As described above, the effects of the H0 invention are as follows! In the invention described in item (1), plasma I is generated by applying a DC voltage between a carbon target and a counter electrode in a vacuum chamber with a low-pressure excitation gas atmosphere, and a plasma I is generated on a substrate placed under pressure in the vacuum chamber. In the sputtering method for forming a carbon thin film, it is determined that the ultraviolet rays of the plasma are shielded from the substrate, so that the formed carbon film is not affected by the shadow 9 of the ultraviolet rays, and is therefore transparent and has a wide optical gap. , the 72 band tail calculated from the UV-visible absorption spectrum is steep, and an amorphous carbon film suitable for use as a semiconductor material can be obtained.

Seriously, the scope of the patent claims!
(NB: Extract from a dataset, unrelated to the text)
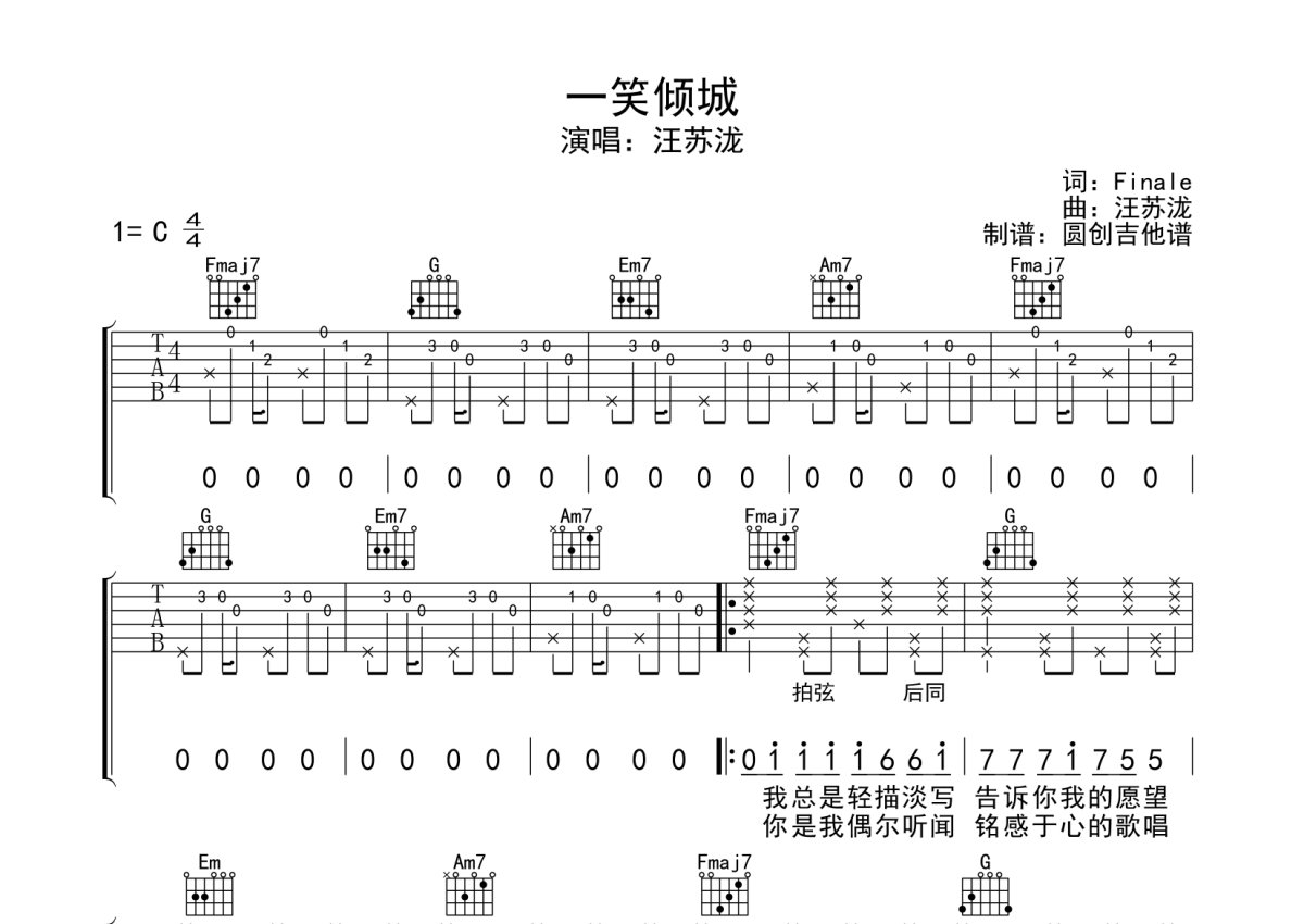 汪苏泷《一曲倾城》吉他谱 - C调弹唱六线谱

The invention described in item (3) has the advantage that it is possible to provide a sputtering apparatus with a simple structure capable of producing an amorphous carbon film as described above.
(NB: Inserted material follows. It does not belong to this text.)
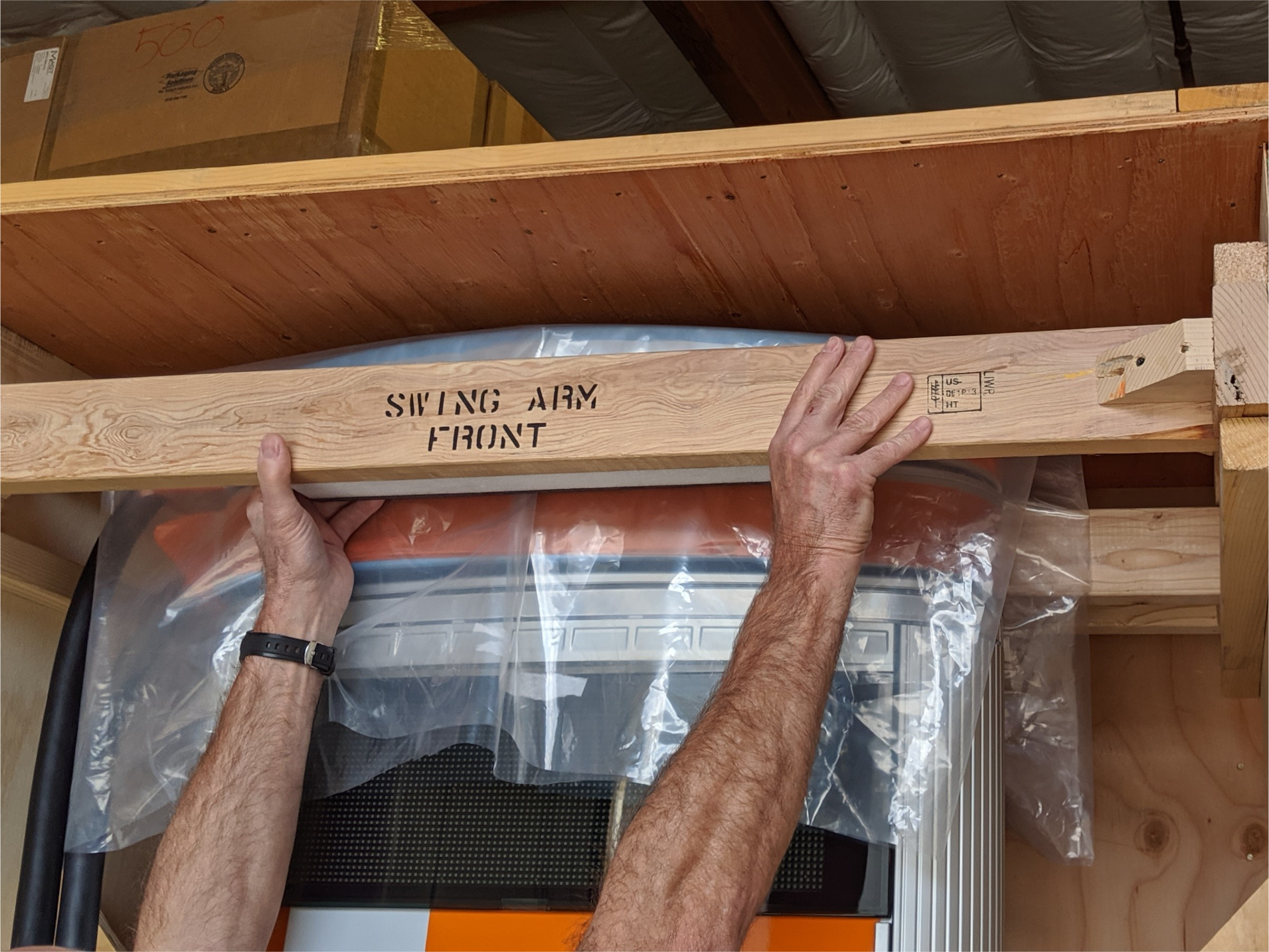 Remove the upper swing arm retainer from the crate and set it aside.

[Brief explanation of the drawing]

The drawings show an embodiment of the present invention, and FIG. 1 is a schematic cross-sectional view of a sputtering apparatus, I! Figure 2 is a chart showing the results of calculating the optical energy gap (Eo) from the ultraviolet-visible absorption spectrum of the carbon film. DESCRIPTION OF SYMBOLS 1... Vacuum chamber, 5... Target, 8... Counter electrode, 9... Substrate holding part, 10... Substrate. Figure 1: Return to prefecture, Hirobukuro Kashi section, Figure 2

Claims (4)

[Claims] (1) In the sputtering method described above, a plasma is generated by applying a DC voltage between a carbon target and a counter electrode in a vacuum chamber with a low-pressure excited gas atmosphere to form a carbon thin film on a substrate placed in the vacuum chamber. 1. A method for forming a carbon thin film, the method being carried out in a state where ultraviolet rays of plasma are shielded from the substrate. (2) The method for forming a carbon thin film according to claim (1), characterized in that hydrogen is used as the low-pressure excitation gas. (3) A carbon target and a counter electrode are provided in a vacuum chamber with a low-pressure excitation gas atmosphere, and a DC voltage is applied between them to generate plasma, and a substrate on which a carbon thin film is to be formed is placed in the vacuum chamber. A sputtering apparatus for forming a carbon thin film, characterized in that the holding portion of the substrate is provided on the side opposite to the carbon target of the counter electrode, and ultraviolet rays generated from plasma are shielded from the substrate by the counter electrode. (4) The carbon thin film forming apparatus according to claim (3), wherein the ratio of the diameter of the counter electrode to the diameter of the carbon target is 0.7 or more.